DMX — Delta Multiplexed Model Format. Near-lossless neural network weight compression.

These details have not been verified by PyPI

Project links

Project description

DMX — Delta Multiplexed Model Format

A new compression format for neural network weights.

Original:  9.1 GB  (SVD-XT, FP32 — 80% includes FP32→FP16 conversion)
DMX:       1.8 GB

Original:  7.2 GB  (Wan 2.2 14B shard, FP32 — 79.5% includes FP32→FP16)
DMX:       1.5 GB  (142/142 tensors verified)
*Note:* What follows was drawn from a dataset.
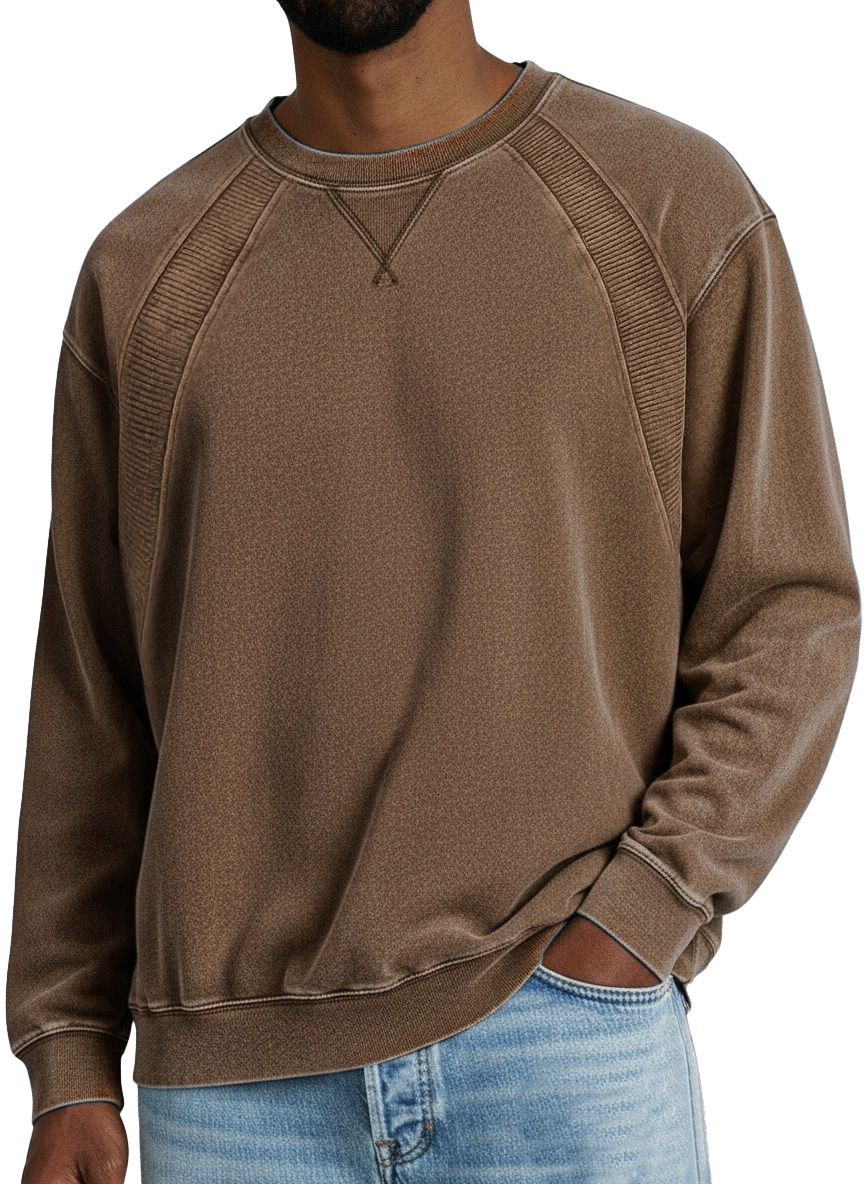 Retro Solid Color Patchwork Crew Neck Sweatshirt

Original:  16 GB   (Llama 3 8B, FP16 — 55% pure FP16 compression)
DMX:       ~7.2 GB (+0.16% perplexity on wikitext-2)

Try it now

pip install dmx-compress
dmx compress your_model.safetensors compressed.dmx

Download pre-compressed models now

Model	Original	DMX	Savings	Verified
Wan 1.3B	2.7 GB	1.1 GB	60%	825/825 tensors
Wan 2.2 shard	7.2 GB	1.5 GB	79.5%	142/142 tensors
SVD-XT	9.1 GB	1.8 GB	80%	Roundtrip verified

Why this matters for frontier training

From first principles: In high-precision training, a full checkpoint is effectively a near-complete copy of the model state — weights (BF16/FP32) plus optimizer states (often another 2-4x the size). Each save is massive. Teams are forced to make checkpoints sparse (every few thousand steps) to keep storage and I/O under control. This is not a bug in the tools — it is a direct consequence of the numbers involved.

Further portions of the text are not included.